Признание лингвистического аспекта как не случайного и внешнего, а существенного и наиболее важного для понимания особенностей психических процессов способствовало тому, что проблематика диспозициональности стала одной из центральных в психологии. Созданная английским исследователем оригинальная диспозициональная модель сделала возможным переоценку сложившегося в самой психологии понимания психических явлений как призрака или Бога в машине, продемонстрировав их деятельный практический характер.
Гуманистические интерпретации диспозициональности
В современной психологии общепринятым контекстом обращения к идее диспозиций является теория атрибуций, призванная зафиксировать различие между реальными причинно-следственными связями, между мотивами и поведением человека и тем, как сами люди эту связь объясняют. Однако изначально обращение к диспозициональности было мотивировано, во-первых, желанием обосновать целостность человеческой природы, во-вторых, подчеркнуть взаимосвязь человека и окружающего мира, в-третьих, обосновать и объяснить индивидуальные различия. Два исследователя в этом отношении внесли наиболее существенный вклад — В. Штерн и Г. Олпорт.

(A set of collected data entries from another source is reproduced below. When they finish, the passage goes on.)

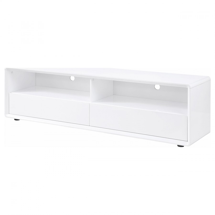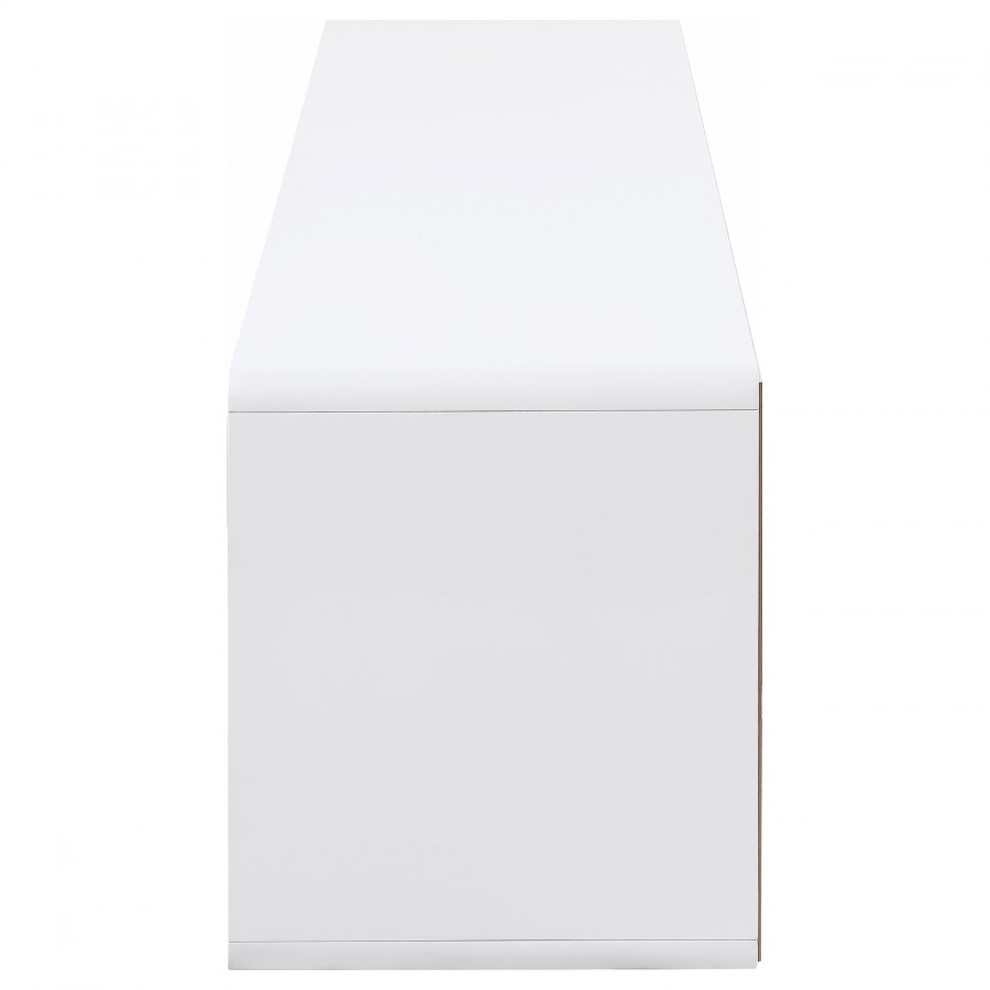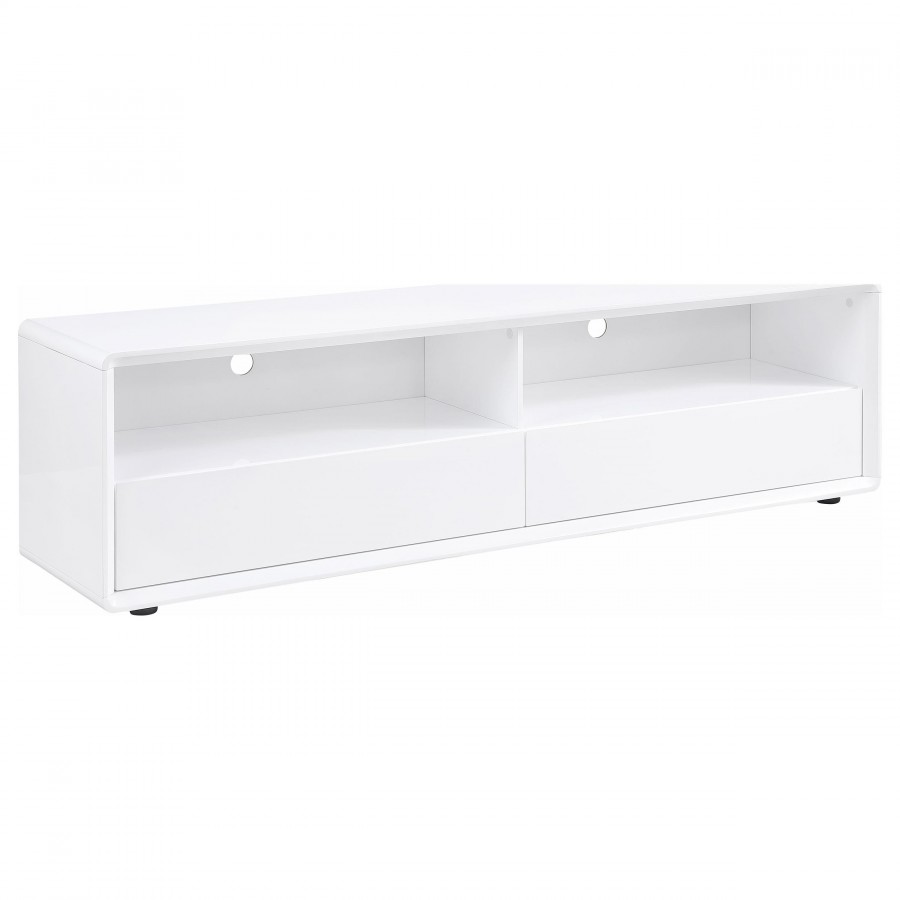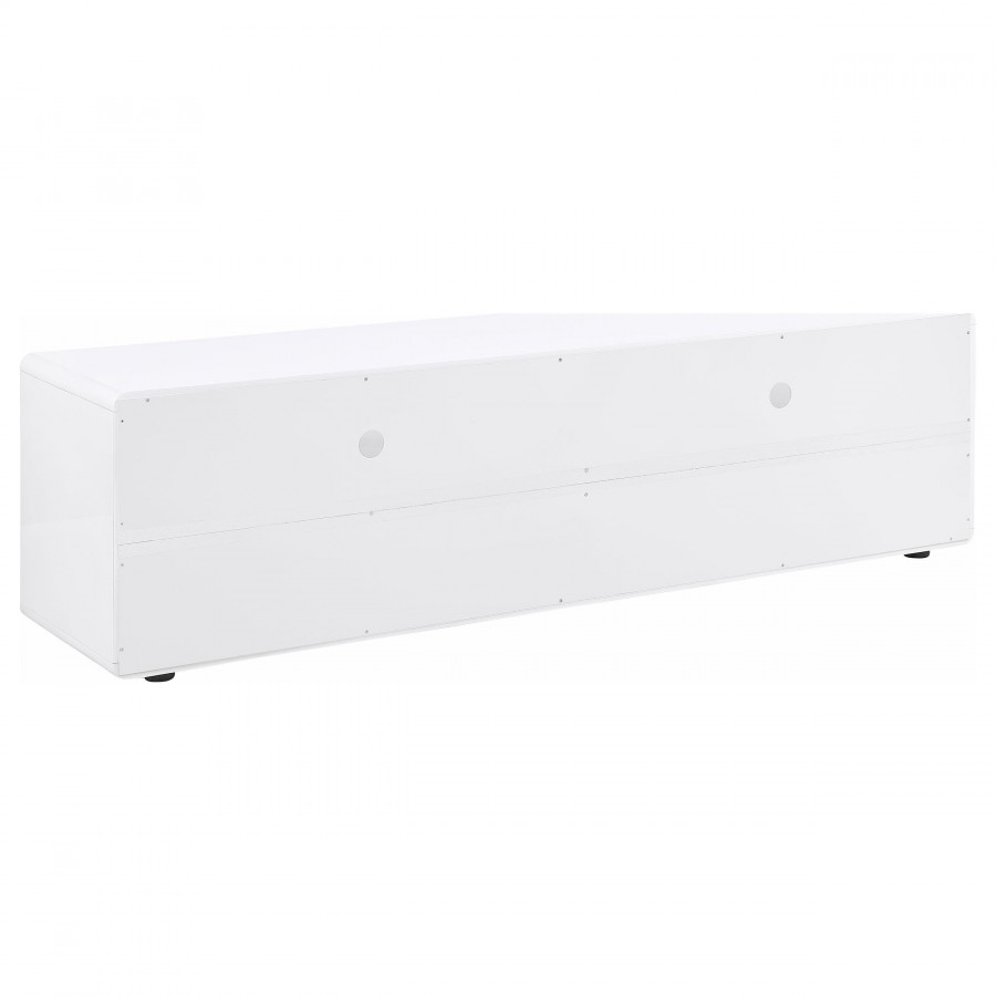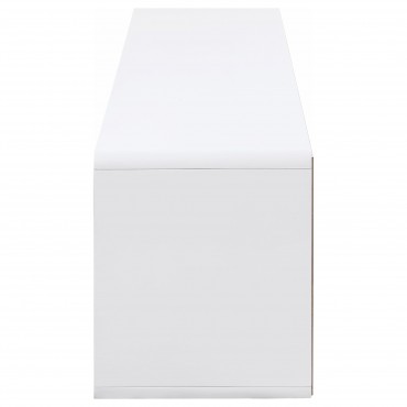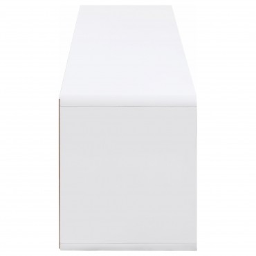 This sleek TV stand brings a crisp, modern look to the living room. Its 71-inch width can accommodate up to a 75-inch screen, creating an ideal media console for contemporary spaces. Crafted from engineered wood with a white high gloss lacquer finish, it offers a refined entertainment center aesthetic. The low-profile frame and two spacious drawers blend minimalism with function, making this a versatile entertainment unit or TV shelf.
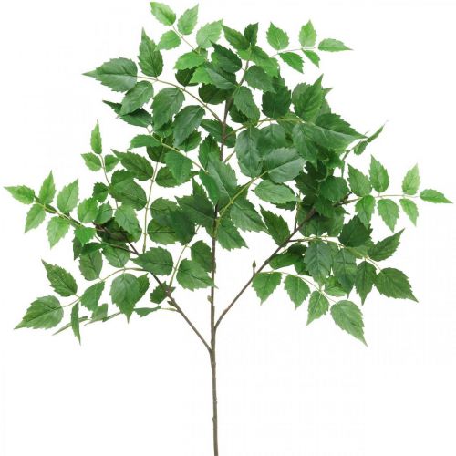 Ta gałązka liści w kolorze zielonym oferuje bogatą, świeżą zieleń dla długotrwałej dekoracji. Poszarpane liście sztucznej zielonej rośliny zachwycają drobno zaprojektowanym wzorem, małymi pąkami i realistycznie zaprojektowaną brązową gałązką. Główny pas sztucznej rośliny podzielony jest na trzy gałęzie. Szczegółowa, zielona dekoracja roślinna przypomina gałązkę brzozy.
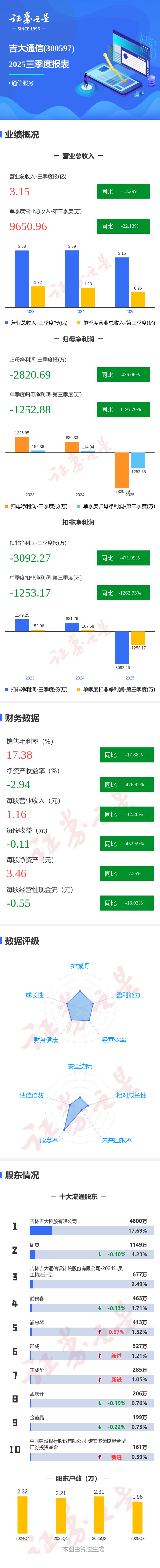 证券之星消息,吉大通信2025年三季报显示,前三季度公司主营收入3.15亿元,同比下降12.29%;归母净利润-2820.69万元,同比下降436.06%;扣非净利润-3092.27万元,同比下降472.0%;其中2025年第三季度,公司单季度主营收入9650.96万元,同比下降22.14%;单季度归母净利润-1252.88万元,同比下降1195.7%;单季度扣非净利润-1253.17万元,同比下降1263.73%;负债率38.35%,投资收益3.0万元,财务费用830.38万元,毛利率17.38%。
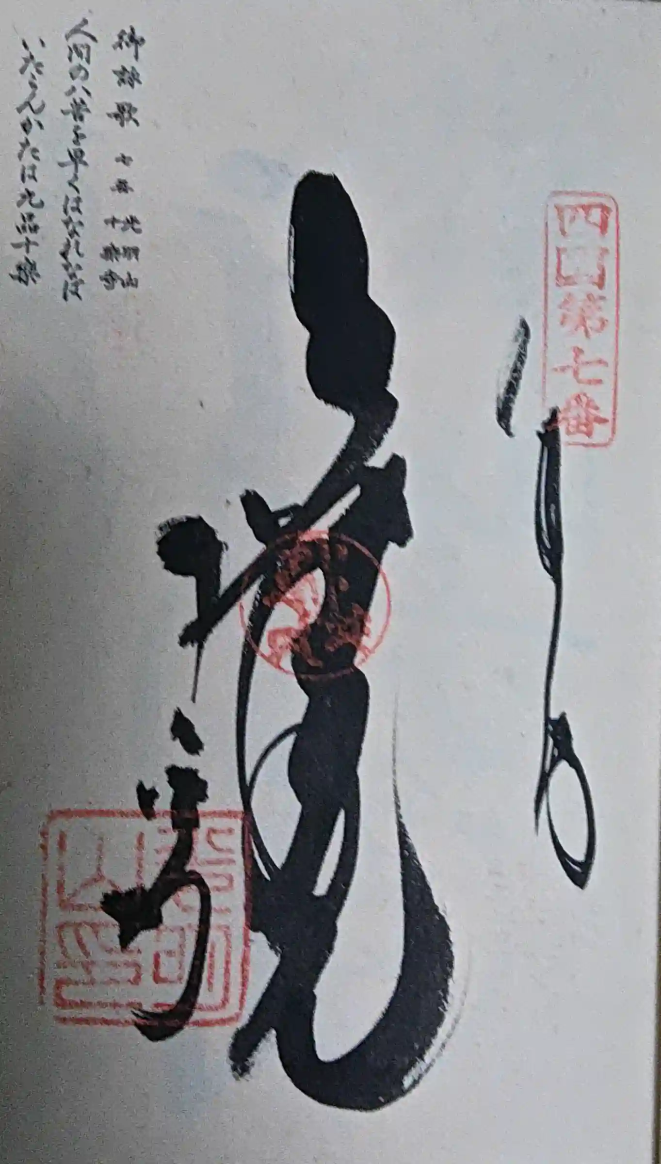 真ん中に無量寿、左下に十楽寺と書かれ、右上に四国第七番の印、真ん中に梵字の印、左下に光明山印が押されています。 | |||
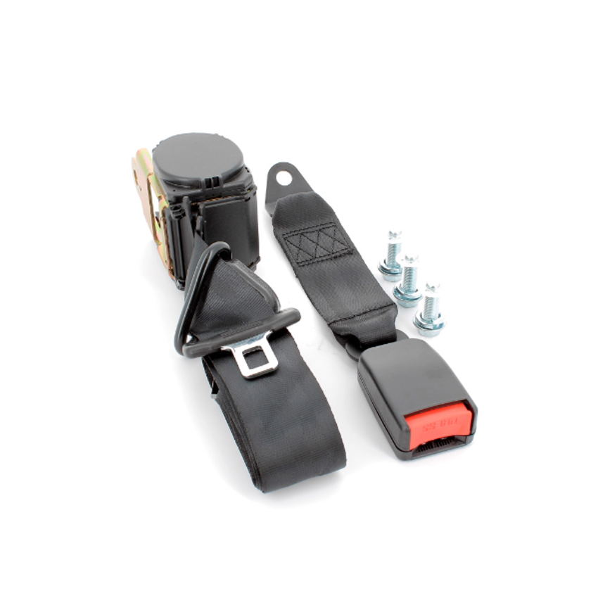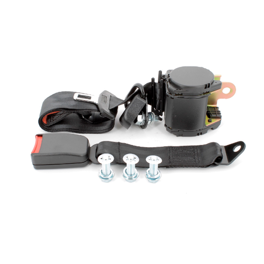 Ζώνη ασφαλείας 3 σημείων σε μαύρο χρώμα με μηχανισμό ανάσυρσης, συμμορφώνεται με τον κανονισμό E4-16R-0436232, εξασφαλίζοντας τη συμμόρφωσή της με τα διεθνή πρότυπα ασφαλείας. Έχει συνολικό μήκος 2900 mm, με αγκράφα 280 mm, παρέχοντας επαρκή και ρυθμιζόμενη συγκράτηση για τους επιβάτες.
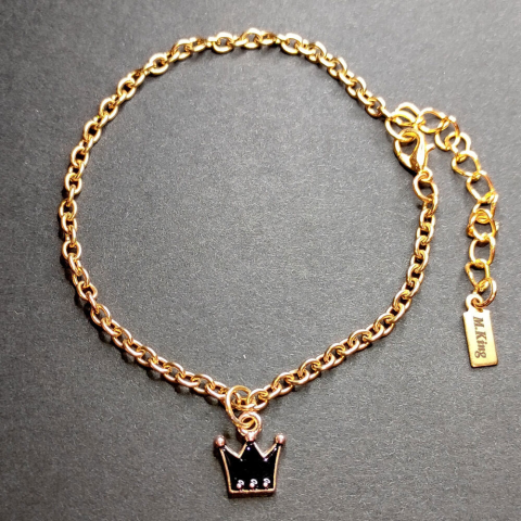 1 kép Fekete tűzzománc korona charmos arany színű karkötő
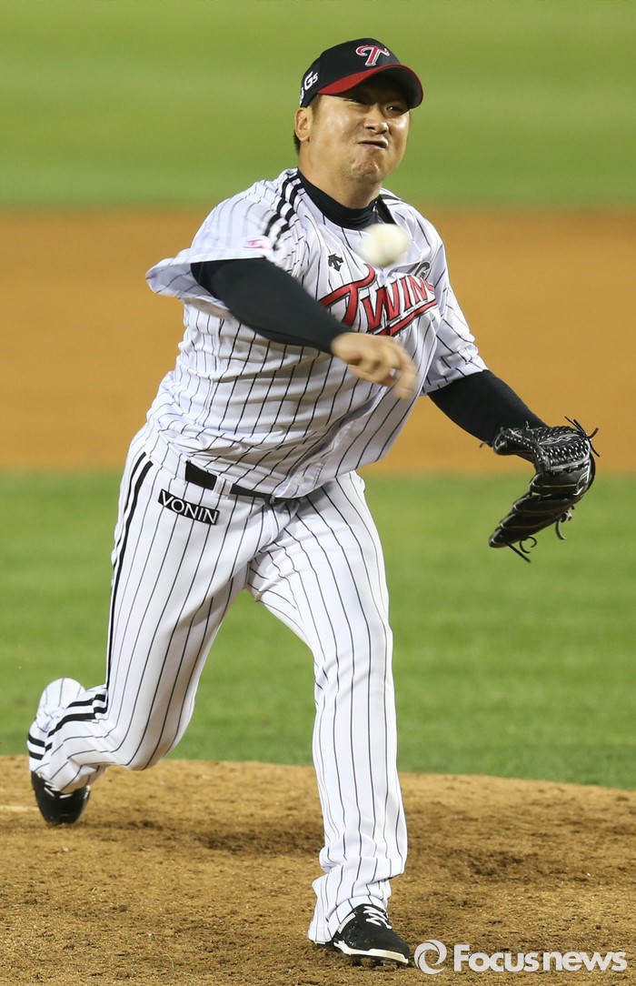 (서울=포커스뉴스) 13일 서울 잠실구장에서 열린 2016 프로야구 롯데-LG 경기 7회초 LG 투수 신승현이 투구하고 있다.
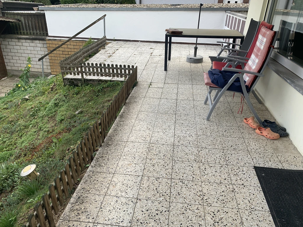 Die Keramikterrasse mit angrenzendem Staudenbeet und Treppe in den unteren Garten befindet sich in Schöneck. Sie ist die Sanierung einer baufällig gewordenen Fliesenterrasse mit beengter Treppe und einem sehr steilen Beet. Die abgestufte Trockenmauer aus heimischem Muschelkalk fängt die starke Steigung des Beetes gekonnt ab. Die Pflanzung sorgt durch die verschiedenen Höhen für einen gewissen Schutz auf der Terrasse, versperrt jedoch nicht den Blick in die Umgebung. Durch die passende Zusammenstellung ist sie pflegeleicht und zwischen April und November blüht immer etwas. Die aus Betonblockstufen hergestellte Treppe bietet einen dauerhaften und sicheren Zugang in den unteren Gartenbereich und ermöglicht aufgrund ihrer Breite von 1,0 m auch das Tragen von größeren Gegenständen. Der breite Terrassenbereich gewährt genügend Platz für Tisch und Stühle und lockt bei schönem Wetter die Sonnenstrahlen zu genießen. An heißen Tagen ist die geschützte Lounge-Ecke im überdachten Bereich der Terrasse der ideale Rückzugsort.
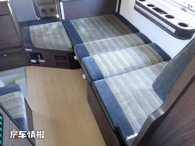 正对乘客门的是全车的会客区,采用经典的四人对卡座沙发+餐桌的设计,餐桌的面积还是不错,上面也带有杯槽,顶部还提供了基础的储物吊柜,可以存放一些日常的物品,方便后期拿取。
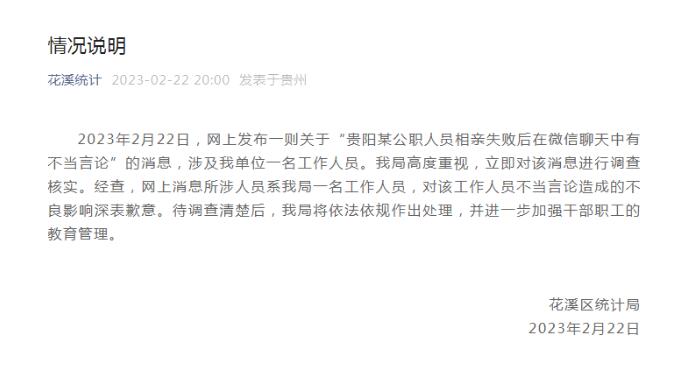 南方网讯 2月22日,网传贵阳市花溪区“花溪统计”微信公共号宣告对于“贵阳某公职职员相亲失败后在微信谈天中有不妥行动”的贵阳公职告往事的天气合成。全文如下:
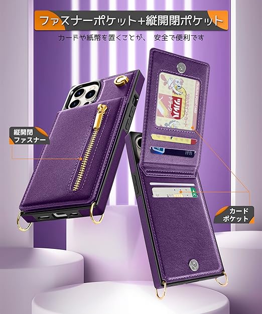 YIHARA iphone 15 Pro ケース手帳型 アイフォン15プロ スマホ ケース 財布型 iPhone 15 Pro 適用 携帯ケース 肩掛け 首かけ 斜めがけ ショルダー アイフォン15 Proケース手帳型 背面 カード収納 ストラップ付き 上下開 長さ調整可能 パープル a
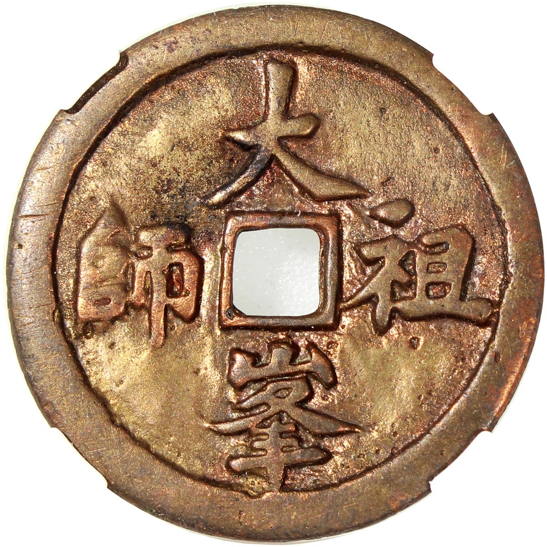 粵爐大峰祖師方孔花錢,背八卦,清朝(公元1644–1911),34.8*1.7mm,重9.4g,中乾80。極美。另:大峰祖師(1039-1127)俗姓林名靈噩,字通叟,法號大峰,祖籍浙江温州,北宋靖康之亂時入廣東潮陽,因其善德被尊為大峰祖師、祖師公,其廟位于廣東揭陽。
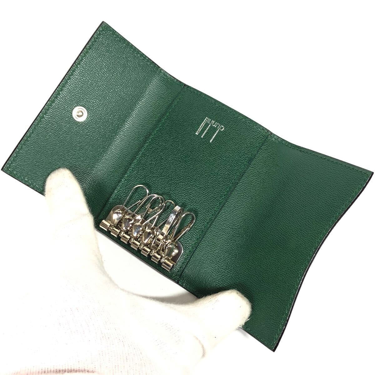 未使用品【ダンヒル】基準内 dunhill キーケース 6連フック 茶×グリーン色系 キーリング付き エナメルレザー 男性用 メンズ イタリア製 箱
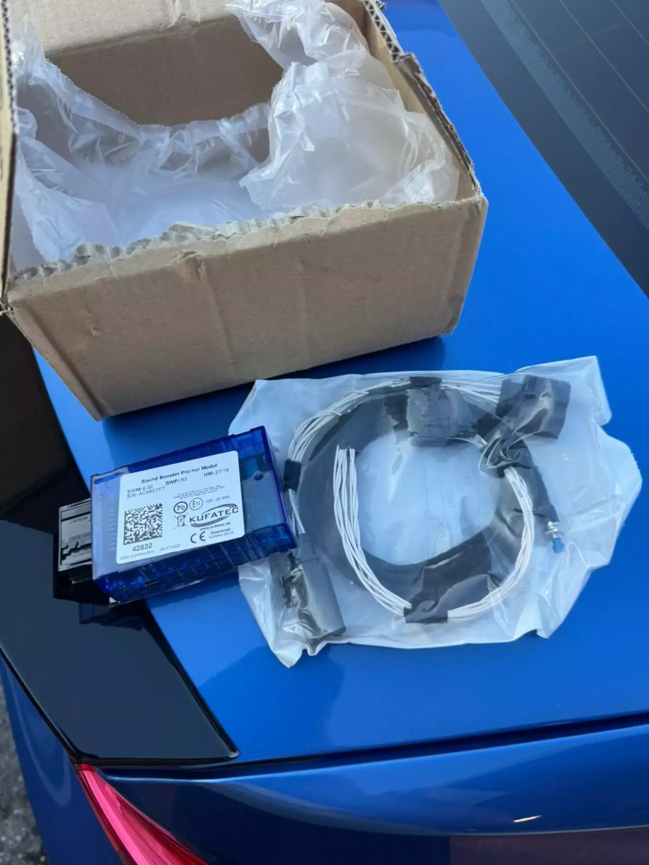 Авто з заводу укомплектована системою активного вихлопу, який імітує звук вихлопу так як з дизелем гарно звуку ти не добʼєшся. Ще на попередній компетішн хотів залити софт вихлопу від sq7, багато читав про це, знайшов софт від багатьох авто ваг групи окрім sq7. Отже вже на цьому авто вирішив піти альтернативним шляхом і купив модуль з проводкою від Kufatec з можливістю редагування звуку самостійно і збереження 6 режимів із подальшим керуванням через окрему кнопку в салоні чи через телефон.
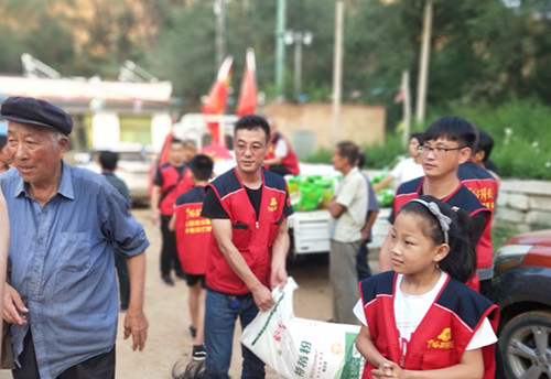 在發(fā)放現(xiàn)場(chǎng),受災(zāi)群眾感受到了志愿者的關(guān)愛,看在眼里,暖在心里,整個(gè)村里呈現(xiàn)出一片溫馨快樂(lè)的氛圍。

Персоналистическая психология В. Штерна основана на отказе трактовать психическое как особую субстанцию и совокупность конечных элементов и на признании личности условием психического [15]. Характеризуясь целостностью, личность несёт в себе внутренние потенции или диспозиции, обеспечивающие её развитие. Исследование предрасположенностей предполагает решение ряда взаимосвязанных задач: их выявление, возможные классификацию, установление связи и отношение с окружающим миром. Так, выявление диспозиций должно опираться не только на феноменологический материал уже реализованных диспозиций, но и учитывать причины
их общности, заключающиеся не только в наблюдаемых актуальных признаках, но и в типе задач, внешних условиях и предпосылках, которые их формируют. В. Штерн предлагает классифицировать предрасположенности на лабильные и стабильные. Первые, обладая многозначностью и неопределённостью, максимально открыты к влиянию извне; вторые, благодаря постоянной конвергенции с определёнными условиями, становятся однозначными и представляют узкое пространство для внешних воздействий. И если со сформированными склонностями необходимо считаться, то на лабильные диспозиции можно воздействовать. Для педагогики это означает, что она имеет широкое, но обладающее границами поле деятельности, поскольку должна учитывать диспозициональное своеобразие личности, пластичность которой имеет пределы. Рассуждая о связи предрасположенностей, немецкий психолог ставит под сомнение возможность их количественного измерения в силу несамостоятельности и неотделимости друг от друга, разнообразия способов взаимодействия друг с другом. Образуя своеобразную энтелехию целого, диспозиции обладают телеологическим характером, который проявляется в тенденции к осуществлению опре -делённой цели. Примером может выступать идея учёного, предполагающая не набор случайных признаков, но воплощение особенных и специфических диспозиций, которые более всего отвечают исследовательским задачам. Анализируя отношение личности к миру, В. Штерн подвергает критике точки зрения, объясняющие развитие личности либо унаследованными врождёнными предрасположенностями, либо внешними влияниями. Указанные крайности могут быть преодолены теорией конвергенции, указывающей на взаимодействие личности и мира, внутреннего стремления и внешнего влияния. Трактовка личностной стороны как совокупности диспозиций позволяет В. Штерну обосновать необходимость целостного подхода не только в отношении анализа личности, но и в отношении изучения взаимосвязи личности и окружающего его мира. Имея потенциальный характер, предрасположенности, будучи возможностями, нуждаются в дополнительных условиях внешнего мира, в результате чего индивидуальные действия представляют собой результат конвергенции предрасположенностей и условий окружающего мира. Интерпретация способностей как предрасположенностей свидетельствует об активности индивида и не по-
зволяет рассматривать его как пассивно претерпевающего влияние извне.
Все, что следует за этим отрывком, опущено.